L'Océanie, Roman

La baleine tatouée

Witi Ihimaera

Ce texte est un bonheur pur. Il convoque les contes et les grands mythes dont les récits ne lassent jamais. Il s’adresse à notre être profond, celui des origines, qui s’abandonne totalement à la magie des mots et des images qu’ils suscitent. Cette part profondément reliée au vivant, prompte à s’émerveiller et prête à chevaucher les grands cétacés dans l’océan primordial. Le temps n’est pas aussi linéaire qu’on l’imagine et la sagaie de celui qui connait le langage des baleines peut traverser un millénaire avant d’atteindre sa cible.

L’auteur

Présentation de l’auteur par son éditeur / Versatile et prolifique, premier romancier maori à être édité, Witi Ihimaera a publié douze romans, six recueils de nouvelles, écrit pour le théâtre et pour le cinéma, coproduit des films et documentaires, édité plusieurs livres sur les arts et la culture de Nouvelle-Zélande et enseigné à l’université d’Auckland. Il a reçu de nombreux prix prestigieux, dont le prix inaugural Star of Oceania de l’université d’Hawai’i en 2009, le prix de la Arts Foundation of New Zealand en 2009, le Toi Maori Maui Tiketike Award en 2010 et le Premio Ostana International Award décerné en Italie en 2010.

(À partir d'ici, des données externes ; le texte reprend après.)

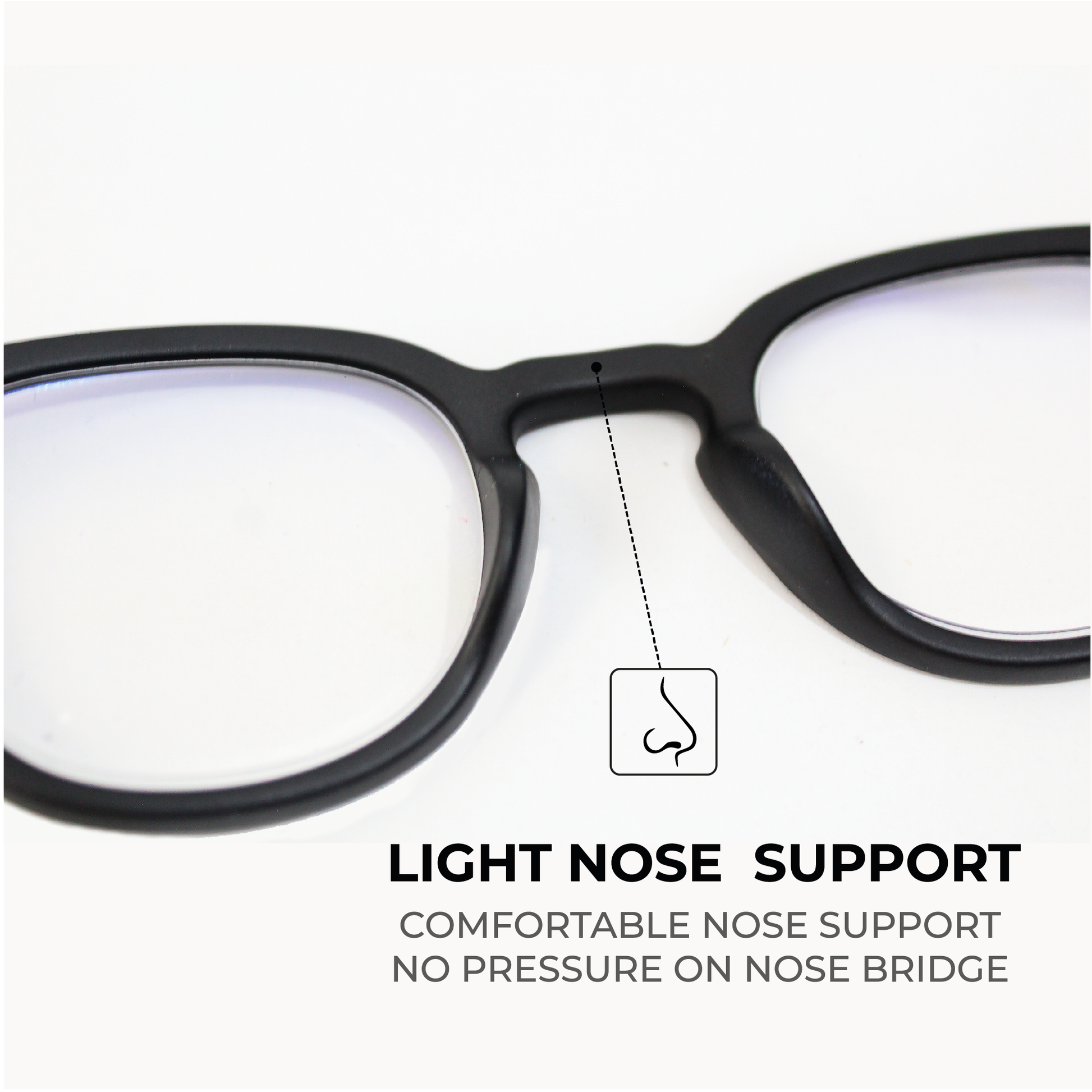 Prescription glasses with blue light protection in charcoal tone, lightweight with international FDA certifications, versatile, unisex.

Source : Editions Au vent des îles



L’extrait

Tous ensemble, nous regardâmes l’ancêtre au moko sacré s’approcher de nous. Son groupe restait en retrait, émettant de longues vibrations sonores au mâle qui, sans lui prêter attention, s’échoua sur la plage en produisant un choc phénoménal, dont nous ressentîmes la secousse sismique. Nous observâmes craintivement la contraction de ses muscles alors qu’il se hissait toujours plus haut sur le sable. Puis, avec un soupir, il roula sur le flanc droit et s’apprêta à mourir.

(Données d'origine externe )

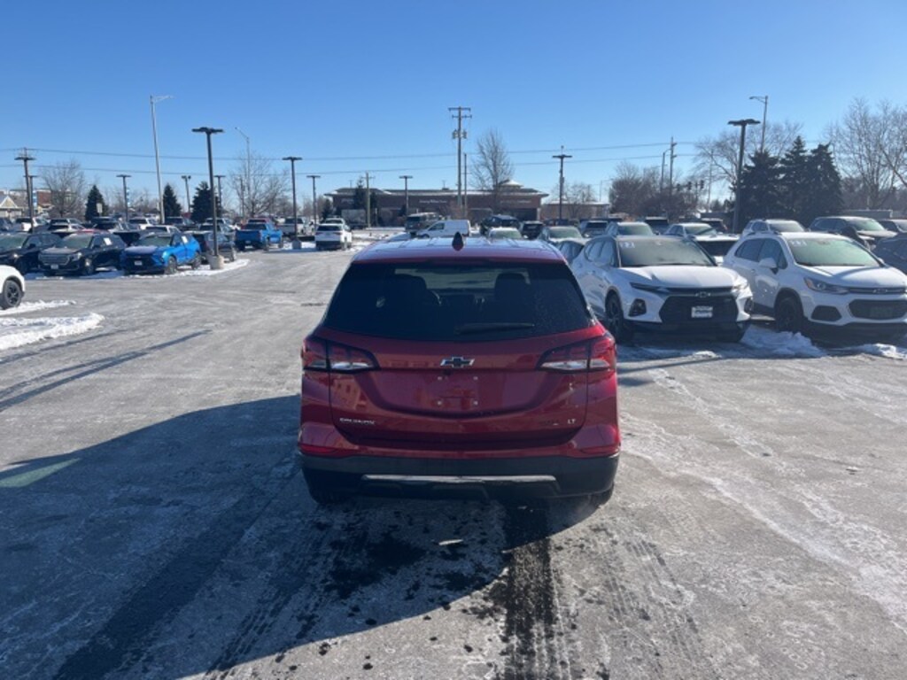 Low Miles, CarBravo Certified, Trailering Package, Backup Camera, Remote Start, Pwr Dr Seat, Forward Collision Alert, Side Blind Zone Alert, Rear Cross Traffic Alert, Lane Departure Warning, Lane Change Alert, Lane Keep Assist, Heated Seats, Power Liftgate, Apple CarPlay, Aluminum Wheels, Carfax Buyback Guarantee, Equinox LT, 4D Sport Utility, 1.5L DOHC, 6-Speed Automatic Electronic with Overdrive, FWD, Radiant Red Tintcoat, Jet Black w/Premium Cloth Seat Trim, 17" Aluminum Wheels, 2 Rear USB Charging-Only Ports, 2 USB Ports & Auxiliary Input Jack, 2-Way Power Driver Lumbar Control Seat Adjuster, 4-Wheel Disc Brakes, 6-Speaker Audio System Feature, ABS brakes, Air Conditioning, AM/FM radio: SiriusXM, Auto High-beam Headlights, Automatic temperature control, Bluetooth® For Phone, Brake assist, Bumpers: body-color, Cold Air Grille Shutter, Compass, Driver 8-Way Power Seat Adjuster, Driver door bin, Driver vanity mirror, Dual front impact airbags, Dual front side impact airbags, Electronic Stability Control, Emergency communication system: OnStar and Chevrolet connected services capable, Four wheel independent suspension, Front anti-roll bar, Front Bucket Seats, Front Center Armrest, Front dual zone A/C, Front Passenger 4-Way Manual Seat Adjuster, Front reading lights, Fully automatic headlights, Heated door mirrors, Heated Driver & Front Passenger Seats, Illuminated entry, Low tire pressure warning, Occupant sensing airbag, Outside temperature display, Overhead airbag, Overhead console, Passenger door bin, Passenger vanity mirror, Power door mirrors, Power driver seat, Power Liftgate, Preferred Equipment Group 1LT, Premium audio system: Chevrolet Infotainment 3, Premium Cloth Seat Trim, Radio data system, Radio: Chevrolet Infotainment 3 System w/AM/FM, Rear anti-roll bar, Rear reading lights, Rear seat center armrest, Rear window defroster, Rear window wiper, Remote keyless entry, Security system, SiriusXM, Speed control, Speed-sensing steering, Split folding rear seat, Spoiler, Steering wheel mounted audio controls, Tachometer, Telescoping steering wheel, Tilt steering wheel, Traction control, Trip computer, Variably intermittent wipers. 2024 Chevrolet Equinox Radiant Red Tintcoat LT 4D Sport Utility FWD 6-Speed Automatic Electronic with Overdrive 26/31 City/Highway MPG 1.5L DOHC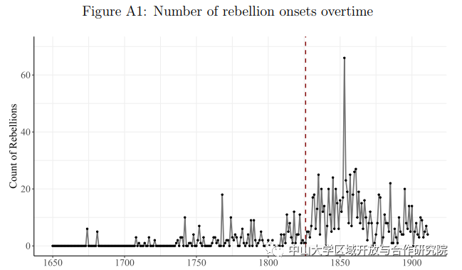叛乱发生的时间分布:在运河废弃后,叛乱的频率明显增加:从1825年前的每年1.37次增加到之后的每年10.47次。这个数字在1861年达到峰值(66次),并直到1870年代也没有下降。

Cinq ou six vieilles femelles quittèrent le banc pour se rapprocher du mâle. Par leurs chants, elles essayaient de l’encourager à revenir au large où l’attendait le reste du groupe. Mais il demeurait immobile.

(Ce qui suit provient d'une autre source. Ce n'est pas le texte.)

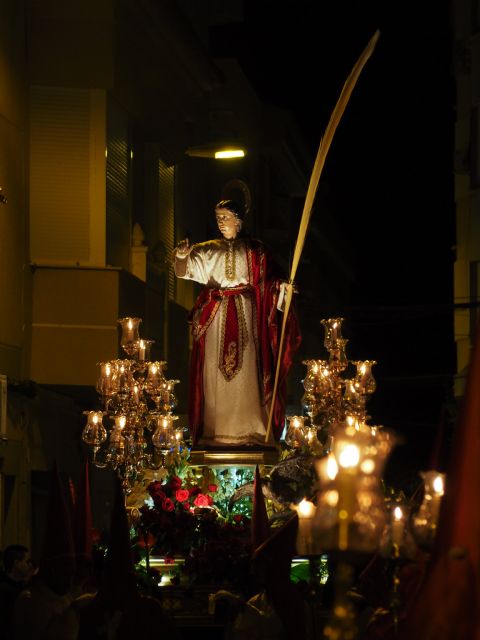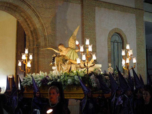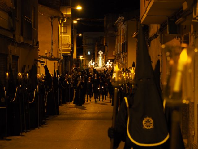 Al regio paso del Cristo de las Penas, sumido en el tronar de los tambores, siguió el célebre Santo Sepulcro beniajanense, en el que yace el Señor de la Buena Muerte que tallara el escultor local José Ortiz. Después, San Juan Evangelista con sus penitentes de encendidas capas rojas. Y cerrando, como reina del Viernes Santo, Ntra. Sra. de la Soledad envuelta por las marchas interpretadas por la Agrupación Musical de Beniaján. La tregua otorgada por la lluvia de estos días se tornó en copiosa petalada, precisamente, sobre el trono de la Virgen a su paso por las llamadas Cuatro Esquinas. Emoción a flor de piel.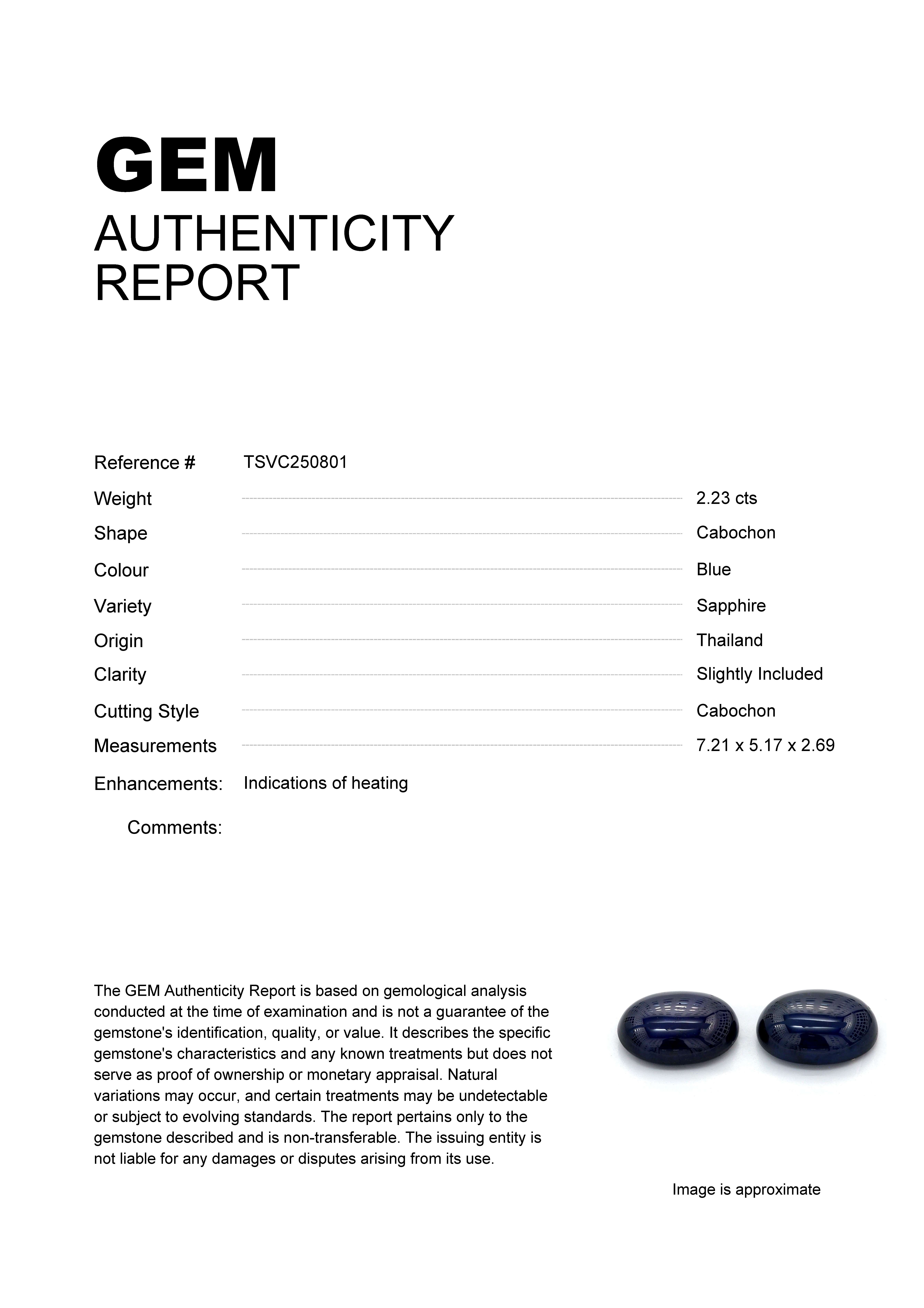 GEM: TSVC250801 Stock ID: TSVC2508012.23ct Blue Cabochon Thailand SapphireCarat: 2.23 ctType: SapphireCut: CabochonColour: BlueOrigin: ThailandComment: Heated7.21 x 5.17 x 2.69 mm

Nous courûmes à la plage. Aucun d’entre nous n’était préparé à la taille phénoménale de la bête. Elle nous surplombait tous. Une force psychique primaire resplendissait dans les spirales de son moko. Avec ses vingt mètres de longueur, elle faisait écho à la dimension prodigieuse de notre passé.

Puis, bravant le vent et la pluie, Koro Apirana s’approcha d’elle :

– Ô être sacré, nous te saluons. Es-tu venu ici pour mourir ou pour vivre ?

Sa question resta sans réponse. Mais le tohorā dressa sa nageoire caudale géante, nous donnant l’impression qu’il plaçait cette décision entre nos mains.